International
Deutschland

Rassismus auf Sylt: Die 7 neusten Entwicklungen

Video: twitter/@jw0365

Eklat auf Sylt hat Folgen – das Wichtigste in 7 Punkten

Das rassistische Gegröle mehrerer Partygäste auf der Insel Sylt sorgt seit Ende letzter Woche für Empörung. Der Vorfall hat Konsequenzen für diverse Beteiligte – und Unbeteiligte. Die sieben neusten Entwicklungen.
27.05.2024, 13:1227.05.2024, 15:04
Mehr «International»

Wie das Video entstand

Auf einem nur wenige Sekunden langen Video, das am Donnerstag viral gegangen war und zu Pfingsten entstanden sein soll, ist zu sehen und zu hören, wie junge Menschen zur Melodie des mehr als 20 Jahre alten Party-Hits «L’amour Toujours» von Gigi D'Agostino rassistische Parolen grölen. Schauplatz war ein Club auf der deutschen Nordseeinsel Sylt. Die Empörung in Deutschland und über die Landesgrenzen hinweg ist riesig – und hat Konsequenzen für diverse Beteiligte.

Der Bild liegt ein weiteres Video vor, das zeigt, wie die viral gegangenen Aufnahmen entstanden sind. Darin ist zu sehen, wie ein junger Mann zunächst minutenlang auf einer Erhöhung tanzt und dann sein iPhone zur Hand nimmt. Er schwenkt es durch die Menge und filmt seine Freundin, als sie die ausländerfeindlichen Parolen grölt.

Gemäss Bild-Informationen soll es nicht der junge Mann selbst gewesen sein, der das Video in den sozialen Medien veröffentlichte. Stattdessen soll der Clip über eine Chat-Gruppe der Feier-Meute verbreitet worden sein.

Die Konsequenzen

Nachdem das Video am Donnerstag viral gegangen war, dauerte es nicht lange, bis die Personen im Video identifiziert wurden. Gemäss Bild-Informationen arbeitete der junge Mann, der filmte, als Berater für mittelständische Unternehmen – jetzt allerdings nicht mehr. Sein Arbeitgeber hatte umgehend auf das Video reagiert und die Konsequenzen gezogen:

«Wir sind schockiert über den abscheulichen Inhalt des Videos. Als der Vorfall bekannt wurde, haben wir umgehend reagiert und den Mitarbeiter fristlos gekündigt.»

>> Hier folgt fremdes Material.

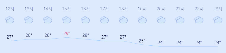 최저기온 22도(오전), 최고기온 29도(낮)
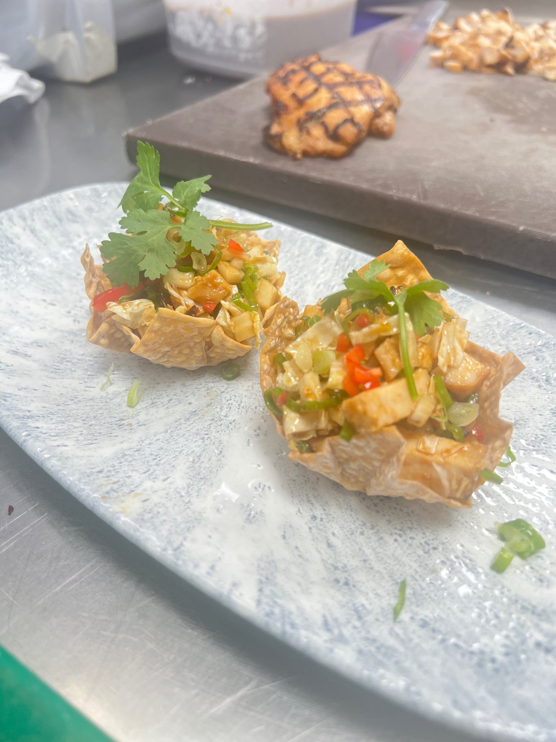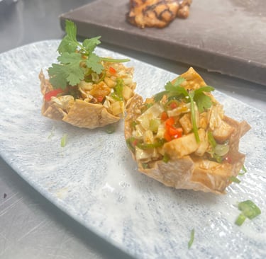 Fill the Cups: Spoon the prepared chicken mixture into each wonton cup, filling them generously without overstuffing. Serve warm as a starter for your set lunch menu.

Auch seine Freundin muss die Konsequenzen tragen. Bei ihr handelt es sich um eine Studentin der Hochschule für angewandte Wissenschaften in Hamburg. Die Hochschule distanziere sich von derartigen «menschenverachtenden Äusserungen». In einer Stellungnahme schrieb die Bildungsinstitution:

«Ein solches Verhalten ist ganz und gar nicht normal und nicht hinzunehmen. Wir stehen als weltoffene Hochschule klar dagegen und tolerieren derartige menschenverachtende Äusserungen in keiner Form.»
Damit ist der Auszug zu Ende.